Даже дождя-то не видел, хоть и промок вон весь, – пробормотал
Мишка, пряча глаза. «Повезло, что это вырвалось вот так, и вроде
никто, кроме того дерева, и не пострадал», – промелькнуло у него в
голове. – Теть, пойду я, дома прилягу, а то чегой-то плохо мне, –
проговорил он, по-прежнему не поднимая на собеседницу глаз.
– Ступай, милок, ступай, да
переоденься, не то простынешь напрочь в мокром-то… – закивала
головой тетка. – Ты б в больницу, что ль, сходил, а?
– Схожу… Завтра обязательно схожу, –
послушно кивнул он тетке и поплелся домой.
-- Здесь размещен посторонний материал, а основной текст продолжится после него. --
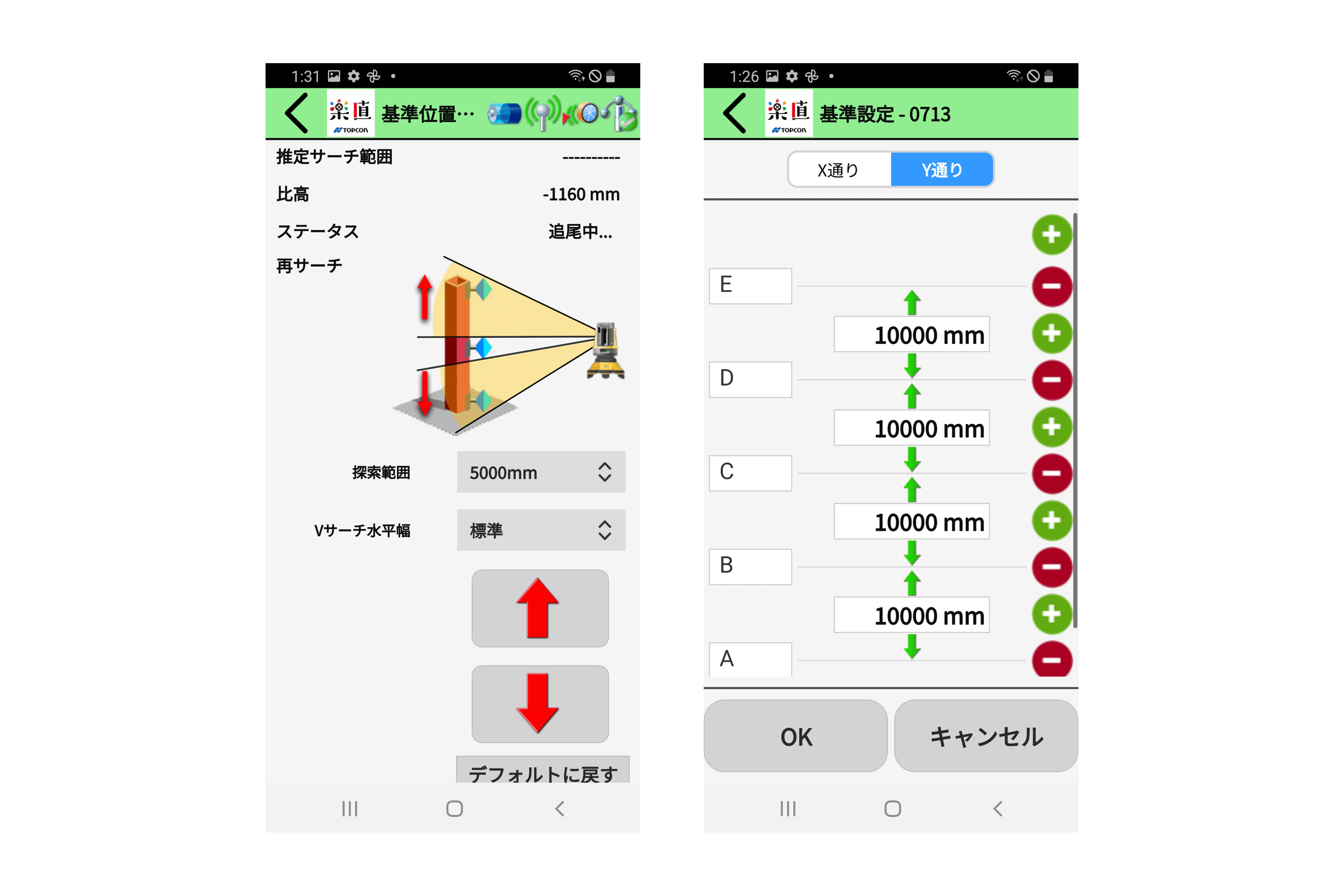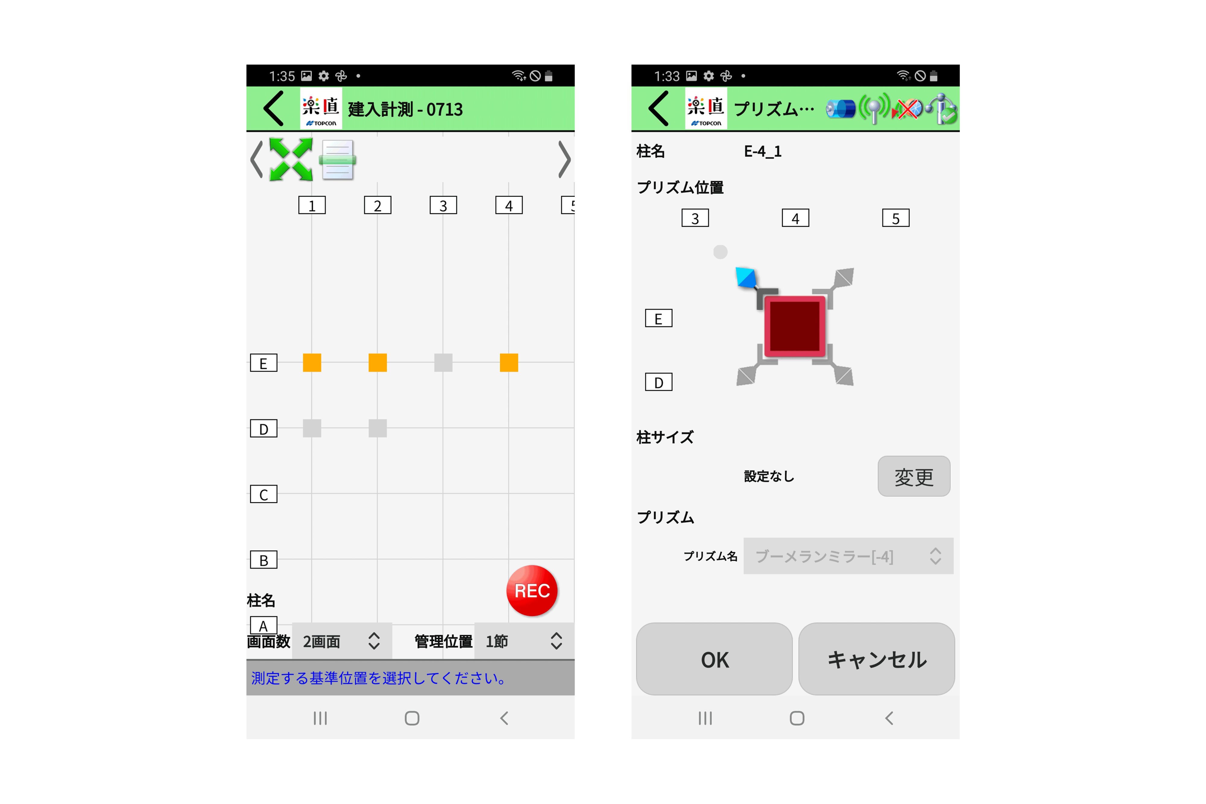 | 特徴 | スマホで建方! 「楽直」で鉄骨建入れ調整 「楽直」は鉄骨建方作業の際、スマホで計測器「楽位置」をコントロールし、柱の鉛直度を計測します。 1人で楽に建入調整をすることができ、作業終了後は出力ボタンにより記録・帳票データを自動作成します。 分かりやすい画面表示、誰でも使える簡単さ 設計データを用意する必要はなく、現場で入力を開始できます。 分かりやすい画面上で、通りの数、通り間の距離、プリズムを取り付ける位置などを設定できます。 最大柱4本分の両方向の倒れを1画面で表示 複数の鉄骨が計測できる場所に「楽位置」を設置、専用プリズムを複数の柱に取り付け、スマホアプリ「楽直」で計測します。 柱1本における前後左右の倒れを1回で計測、また1画面に最大4本分の柱の状態を表示でき、調整時間の大幅削減ができます。 帳票結果をボタン1つで自動作成しPDFで出力 デジタルで記録された計測結果データから、ボタン1つで帳票を自動作成でき、帳票はPDFファイルとして保存できます。 システム構成(別売り) 「楽直」は位置出し機「楽位置」と専用治具「ブーメランミラー」を組み合わせて使用します。 |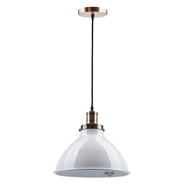 Colgante construido en acero. Portalámpara E27. Terminación en pintura horneada, terminación del florón y capuchón superior bronce viejo, con cable textil negro.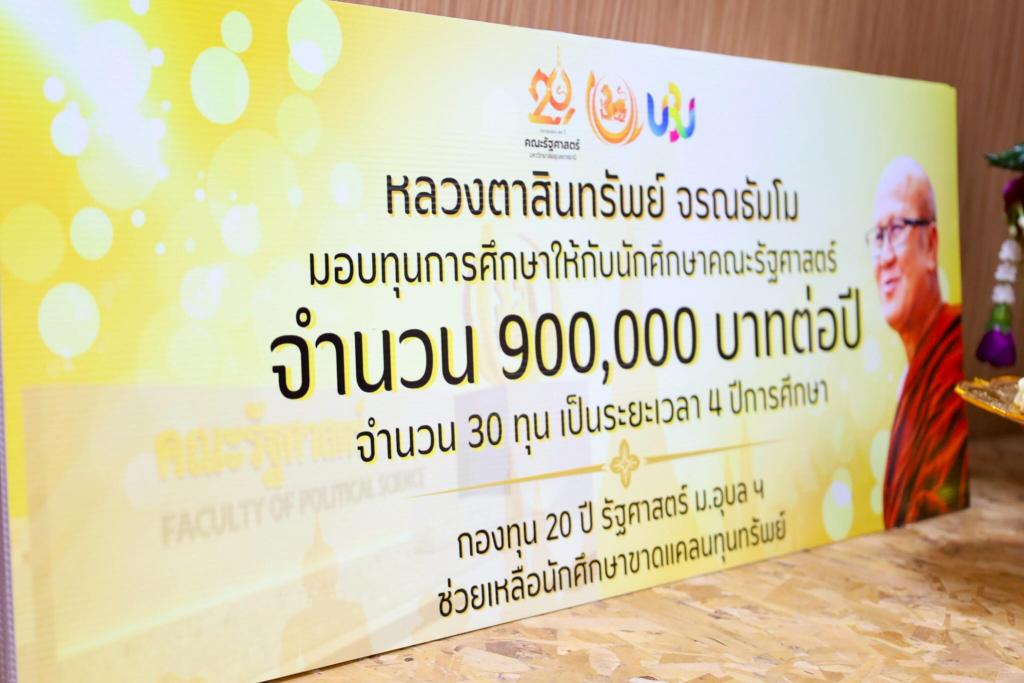 คณะรัฐศาสตร์ มหาวิทยาลัยอุบลราชธานี ขอน้อมกราบขอบพระคุณ หลวงตาสินทรัพย์ จรณธัมโม รวมถึงพระเถระ แม่ชี และญาติธรรมผู้มีจิตศรัทธา ที่ให้การสนับสนุนภารกิจด้านการศึกษาของคณะด้วยความเมตตาและปรารถนาดีเสมอมา ทางคณะฯ จะเดินหน้าพัฒนานักศึกษาให้มีคุณภาพ มีคุณธรรม และเป็นกำลังสำคัญของสังคมต่อไป
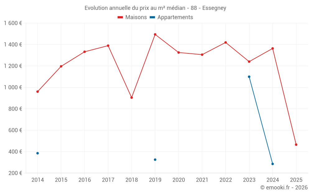 Le prix médian sur les 19 transactions de maisons des 24 derniers mois dans la commune d'Essegney était de 1 250 € par mètre carré pour une valeur foncière médiane de 125 000 €. Sur cette période 60% des transactions se sont situées entre 592 et 1 844 € par mètre carré (du 2ème au 8ème déciles).
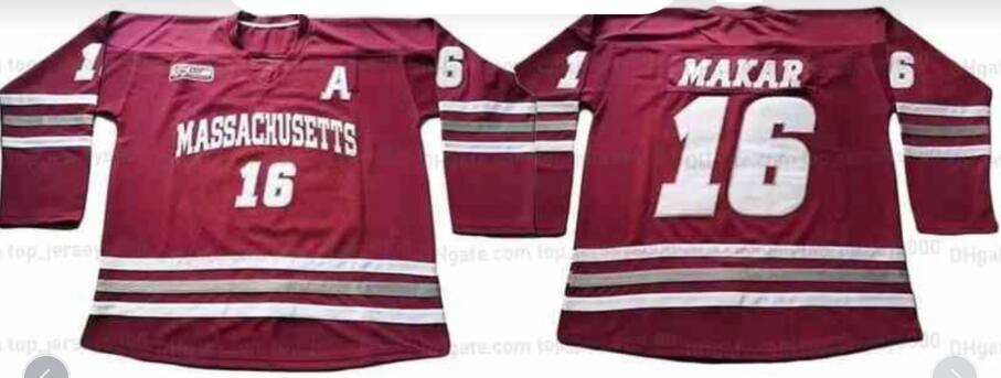 - Men COllege Hockey Masachusetts 16 Makar Red Jersey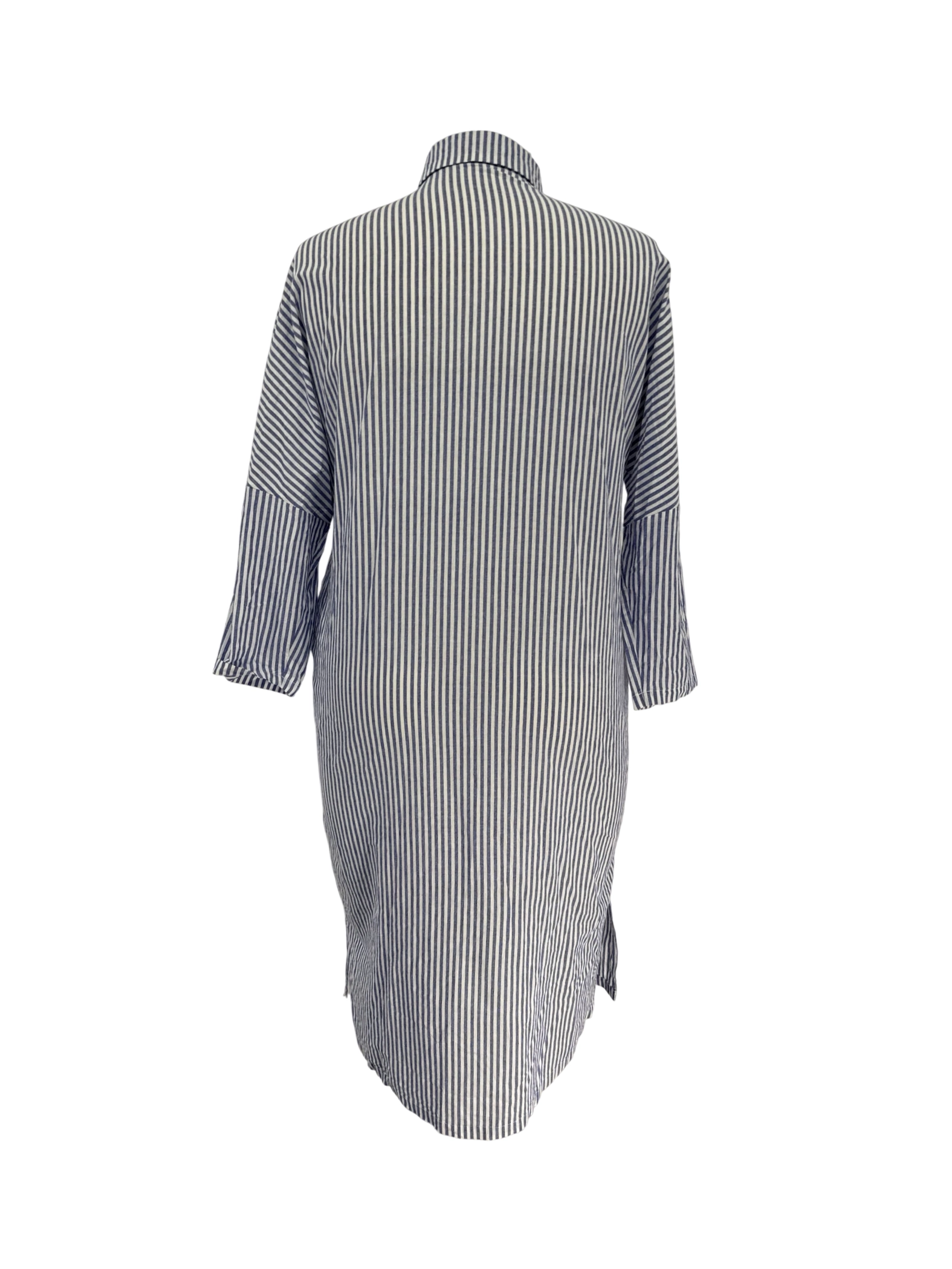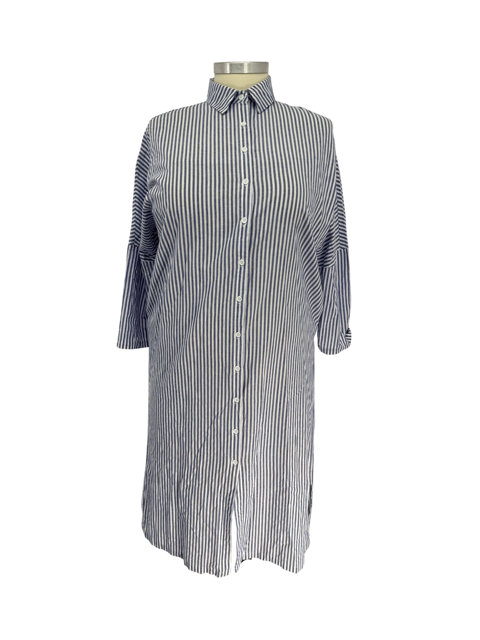 Elevate your casual wardrobe with this pre-owned striped shift dress. Crafted from breathable 100% cotton, this dress offers both comfort and style. Featuring a classic collar neckline and long sleeves that can be folded up, it's perfect for warmer days. Its versatile design makes it suitable for various casual occasions. This midi-length dress offers a relaxed fit, ensuring both comfort and a chic look. A sustainable and stylish addition to your closet!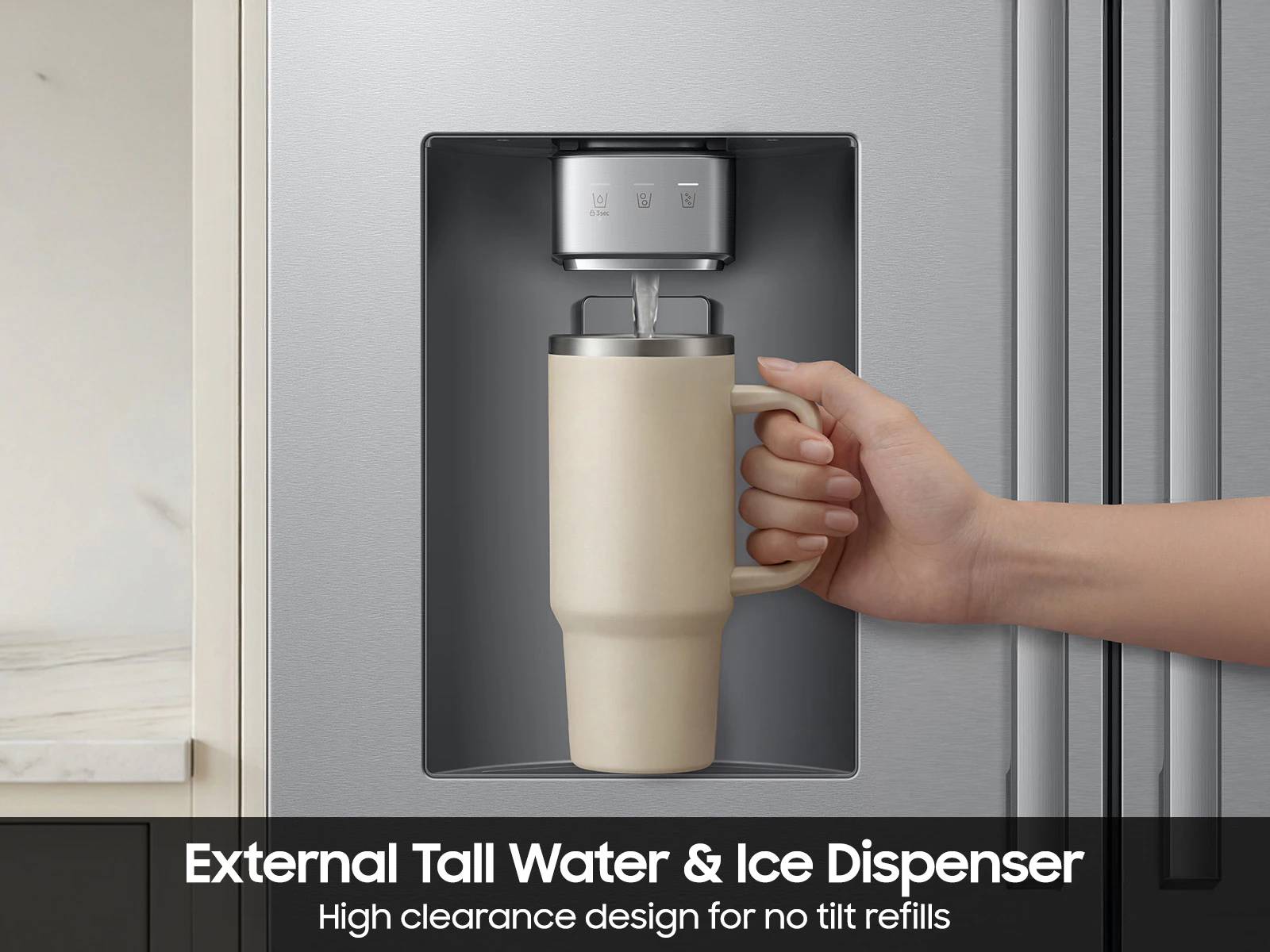 Get extra room to fill large bottles, pitchers and tumblers for easier, no-tilt refills - with ice always ready.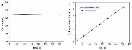 To evaluate the Faraday efficiency, an i-t test was performed at 70 °C using a 0.4 M Fe2+ standard solution as the anolyte, with the resulting i-t curve presented in Figure 1a. Based on the test data, the theoretical hydrogen production V0 (mL) can be calculated using Equation (4) [35]: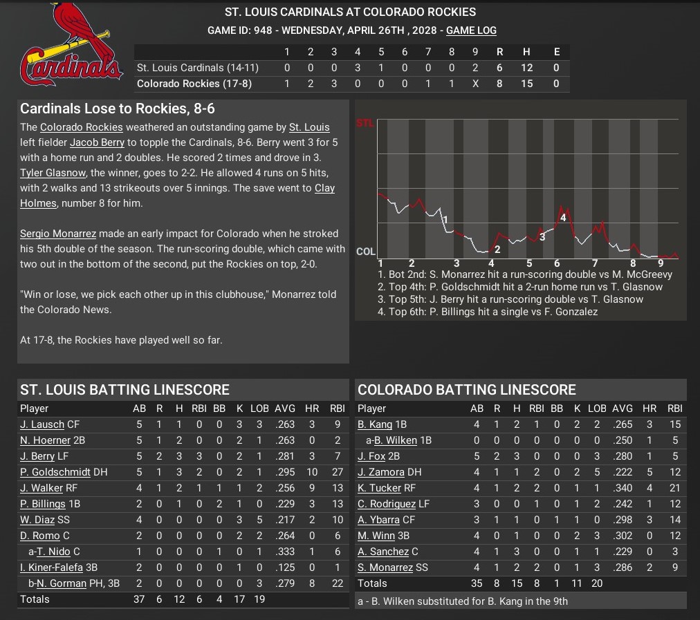 Cards news: April 26 -- Colorado Rockies 8, St. Louis Cardinals 6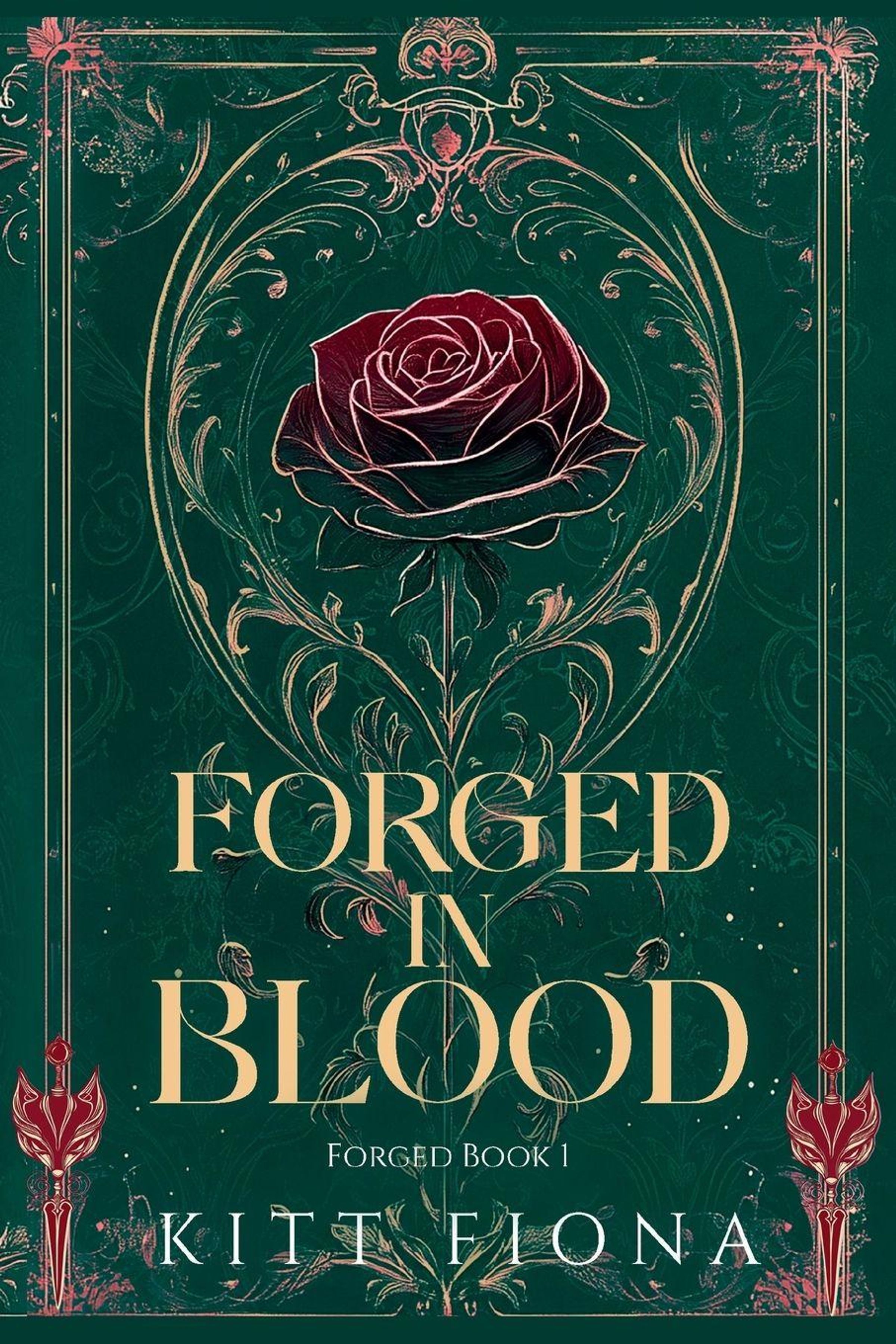 „FORGED IN BLOOD“ steht in goldener Schrift auf einem dunkelgrünen Hintergrund mit floralen Verzierungen und einer roten Rose., Buch

– Дойдешь сам-то, аль проводить? –
донесся в спину заботливый голос.
– Дойду, – отозвался Мишка. – Я
потихоньку, теть…
Дорога до дома оказалась долгой.
Мишка то и дело присаживался на встречавшиеся ему годные для этого
поверхности, чтобы перевести дух. Сил не было совершенно. Он был
абсолютно опустошен, выпит до дна. Больше всего ему сейчас хотелось
вот прямо здесь свернуться в клубочек и уснуть. Но нельзя. И,
превозмогая буквально валившую его с ног слабость, Мишка только
колоссальным усилием воли переставлял заплетавшиеся от слабости
ноги. Добредя до общежития, он с трудом поднялся в свою комнату и
кулем рухнул на кровать.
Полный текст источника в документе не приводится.